Aside from multi-core technology, Intel is active in other power efficiency methods—such as reducing leakage current. Ames mentions work with high-k dielectric materials and different gate metals to combat leakage current, an issue becoming critical at smaller silicon process nodes. Using high-k dielectrics, Intel claims 100 times less leakage current compared to a traditional silicon dioxide dielectric.

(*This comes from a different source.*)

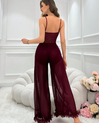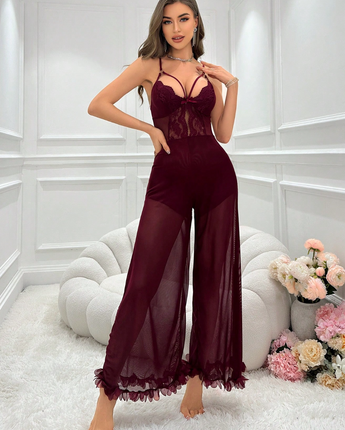 One-piece lace and mesh wide-leg jumpsuit

Another newer way to boost power efficiency (and chip performance) is a process that forces silicon atoms apart in the semiconductor material to allow less restricted flow of electrons. Known as "strained silicon," it yields less power consumption and less heat generation. Ames notes a five-fold reduction of leakage current using Intel's proprietary strained silicon, and a further four-times reduction with its second-generation strained silicon as the company scales to the 65-nm process.

PC-based Control
Effect of operating frequency on power consumption is shown for Freescale Semiconductor’s MCF5213 devices under two low-power modes—run and wait/doze. SRAM version consumes substantially less power than flash memory at all frequencies. Measurements were made at room

At AMD, ongoing power management methods range from the granular performance-state (reduced core voltage and frequency) to fine-grain approaches. This includes the block level, where certain chip sections can be shut down optimally during unused periods, and clock gating at individual transistors—for example—that take "power management to the farthest extent possible," according to Kerby. "These techniques will be applied to devices outside the CPU to a greater extent than today."

One such external device, the memory controller, has been integrated into the processor by AMD to obtain benefits of direct connection of memory to CPU, I/O to CPU, and CPUs to CPUs, for more linear symmetrical multiprocessing—as well as lower power consumption. Kerby emphasizes that maximum power state of dual-core AMD Opteron processors, at 95 W, includes the memory controller.

Other factors related to power management, such as footprint, leakage current, or role of development tools, are weighted and considered in defining capabilities of each generation of products. "We take a systematic approach and focus our efforts on areas that will provide the greatest improvement," adds Kerby.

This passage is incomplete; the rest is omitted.